Мятежники, склонив головы, молчали. Подул легкий ветерок, но и он не мог оживить безжизненное тело Энея и, лишь поиграв его слипшими от крови волосами, незаметно стих. Послышался звук походной трубы, и вскоре из-за холма показались первые когорты неприятеля. Валерий повернул голову в ту сторону, откуда доносился нарастающий шум. Все вокруг пришло в движение.

— Готовься к бою! — закричал Апполоний и надел стальной шлем на лысую голову.

Мятежники воспрянули при виде передовых отрядов, строясь под команды своих предводителей. Британец, обернувшись вполоборота к своему подразделению, которое занимало правый фланг обороны на Большом мосту, зычным голосом отдавал приказы. На левом фланге был отряд под командой Гаррона — молодого воина, заменившего Люка. Как ни странно, он сохранял завидное самообладание, поскольку его распоряжения были кратки и понятны бойцам. Спокойствие от Гаррона передалось и его подчиненным, людям разных возрастов.
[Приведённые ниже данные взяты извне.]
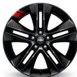
17 po en aluminium peint en noir avec traits hachurés rouges (livrable pour LT avec édition Série Distinction)

Центральную позицию держал отряд, которым руководил Апполоний. Мрачные мысли терзали Муску. Когда он увидел шествующие мерной поступью когорты противника, он понял, что сражение будет жестоким и кровопролитным.

Перед Муской встала дилемма — либо биться с легионерами Петрония Леонида, либо же переметнуться на его сторону и тем самым предать Валерия, предоставившего ему кров и защитившего от преследования властей. Срочно нужно было делать выбор, трудный во всех отношениях.

Тем временем, Валерий, оставив тело Энея, быстро двинулся по направлению к выстроившимся в боевом порядке воинам.

Он уже не мог думать о том, чтобы встретиться с дядей. Результат переговоров с Петронием Леонидом был уже заранее предрешен. Оставалось лишь одно — драться. Драться с тем, кто клятвенно заверял его в своей преданности. Драться с тем, кто подло убил Энея и его спутников. Предательство не прощают. Да и безумно, надеяться на то, что дядя присоединится к восстанию. Подтверждение тому — гибель любимого друга. Два других моста, которые были перекинуты через Вальтурно, были заранее уничтожены, чтобы противник не смог охватить их в клещи. И бой решено было дать на Большом мосту, единственной оставшейся дороге через реку.

Статуи богов и героев по обеим сторонам моста гордо взирали на то, как готовятся к битве. Бессмертные, увековеченные в мраморе, они стали безучастными свидетелями происходящих событий.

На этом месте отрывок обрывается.